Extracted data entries

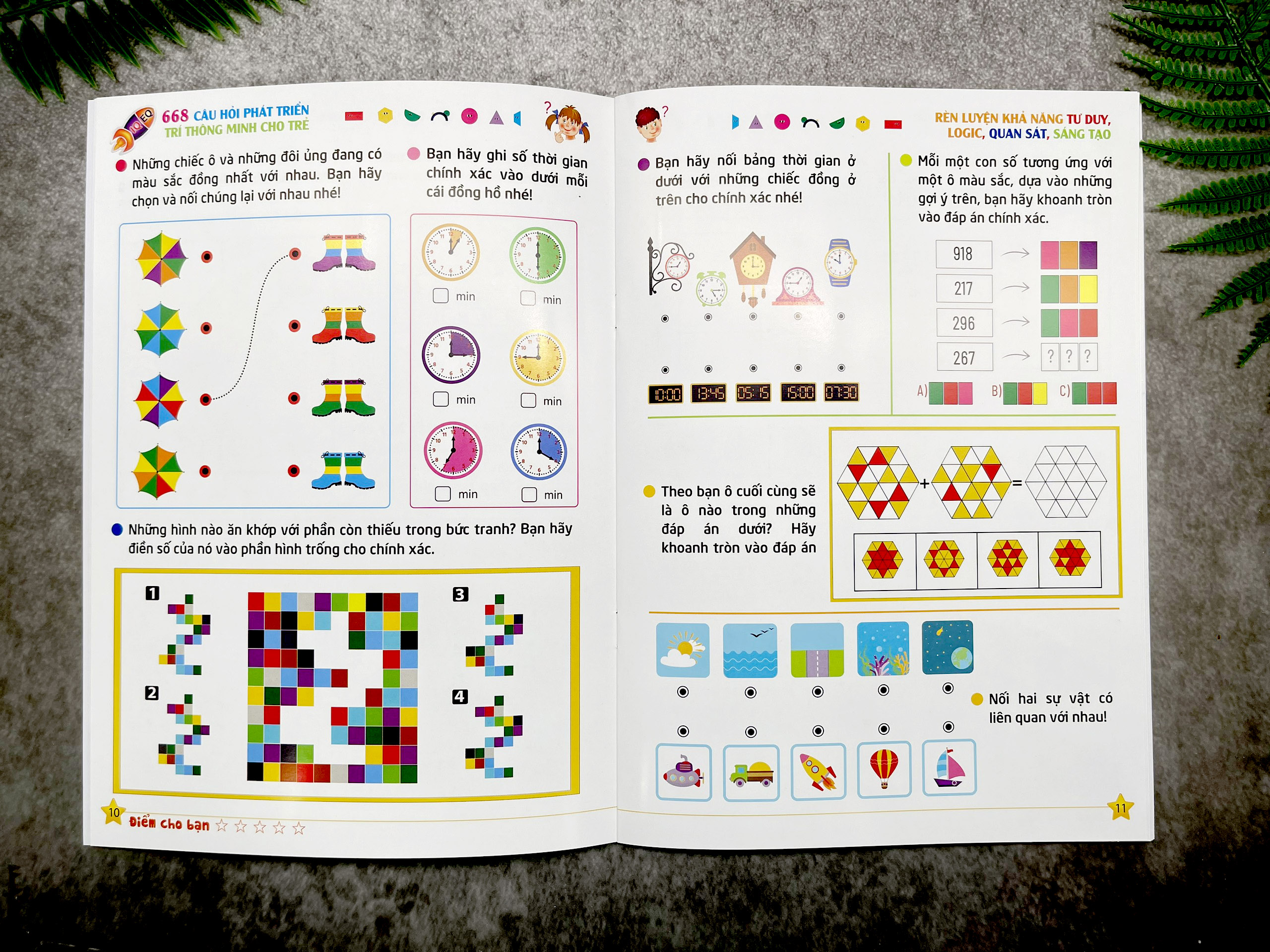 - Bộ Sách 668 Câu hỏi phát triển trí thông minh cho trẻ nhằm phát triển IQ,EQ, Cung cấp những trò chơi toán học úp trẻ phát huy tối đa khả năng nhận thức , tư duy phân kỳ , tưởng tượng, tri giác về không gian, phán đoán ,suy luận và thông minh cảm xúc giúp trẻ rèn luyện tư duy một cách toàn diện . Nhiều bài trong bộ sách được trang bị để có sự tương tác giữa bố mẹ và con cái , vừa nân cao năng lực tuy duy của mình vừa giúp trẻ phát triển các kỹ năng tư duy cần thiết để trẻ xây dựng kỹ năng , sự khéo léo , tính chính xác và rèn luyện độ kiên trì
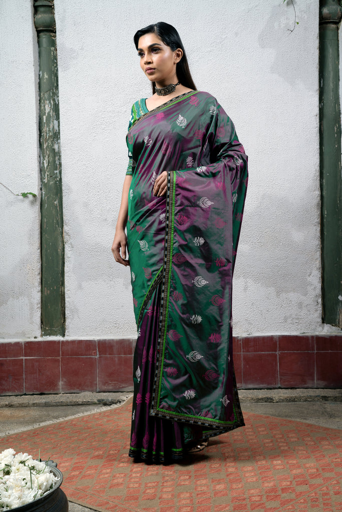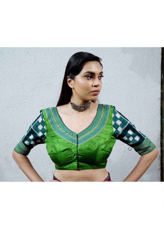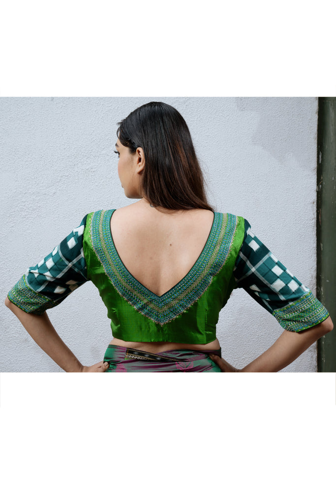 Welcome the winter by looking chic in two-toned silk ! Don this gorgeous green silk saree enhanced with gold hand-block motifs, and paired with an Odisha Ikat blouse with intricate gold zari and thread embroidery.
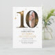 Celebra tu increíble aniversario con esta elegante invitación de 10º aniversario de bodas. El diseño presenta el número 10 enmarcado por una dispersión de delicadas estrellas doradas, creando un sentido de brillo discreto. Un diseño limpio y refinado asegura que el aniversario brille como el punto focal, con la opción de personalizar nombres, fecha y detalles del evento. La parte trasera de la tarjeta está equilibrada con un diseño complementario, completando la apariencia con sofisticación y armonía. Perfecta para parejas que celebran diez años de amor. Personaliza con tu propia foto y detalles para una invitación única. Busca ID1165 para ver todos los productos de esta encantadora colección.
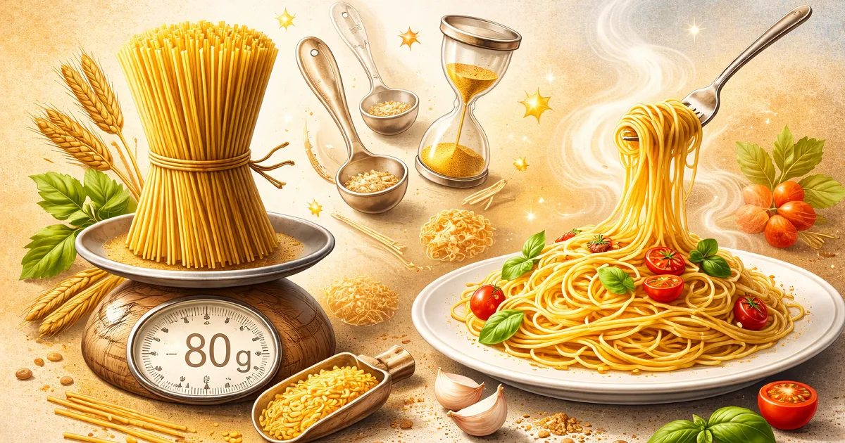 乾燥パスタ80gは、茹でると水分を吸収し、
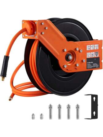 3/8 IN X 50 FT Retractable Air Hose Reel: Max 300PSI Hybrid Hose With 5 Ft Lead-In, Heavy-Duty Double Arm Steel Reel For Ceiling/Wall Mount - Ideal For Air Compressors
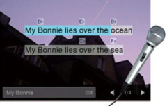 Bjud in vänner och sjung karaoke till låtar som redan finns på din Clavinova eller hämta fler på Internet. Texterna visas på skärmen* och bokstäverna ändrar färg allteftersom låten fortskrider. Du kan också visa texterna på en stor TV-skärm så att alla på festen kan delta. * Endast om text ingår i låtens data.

**What to produce:**
Exact copy, pictures excluded: from the line with "Welcome the winter" up to and including the line with "3/8 IN X 50" in the data above.

**Solution:**
 Welcome the winter by looking chic in two-toned silk ! Don this gorgeous green silk saree enhanced with gold hand-block motifs, and paired with an Odisha Ikat blouse with intricate gold zari and thread embroidery.
 Celebra tu increíble aniversario con esta elegante invitación de 10º aniversario de bodas. El diseño presenta el número 10 enmarcado por una dispersión de delicadas estrellas doradas, creando un sentido de brillo discreto. Un diseño limpio y refinado asegura que el aniversario brille como el punto focal, con la opción de personalizar nombres, fecha y detalles del evento. La parte trasera de la tarjeta está equilibrada con un diseño complementario, completando la apariencia con sofisticación y armonía. Perfecta para parejas que celebran diez años de amor. Personaliza con tu propia foto y detalles para una invitación única. Busca ID1165 para ver todos los productos de esta encantadora colección.
 乾燥パスタ80gは、茹でると水分を吸収し、
 3/8 IN X 50 FT Retractable Air Hose Reel: Max 300PSI Hybrid Hose With 5 Ft Lead-In, Heavy-Duty Double Arm Steel Reel For Ceiling/Wall Mount - Ideal For Air Compressors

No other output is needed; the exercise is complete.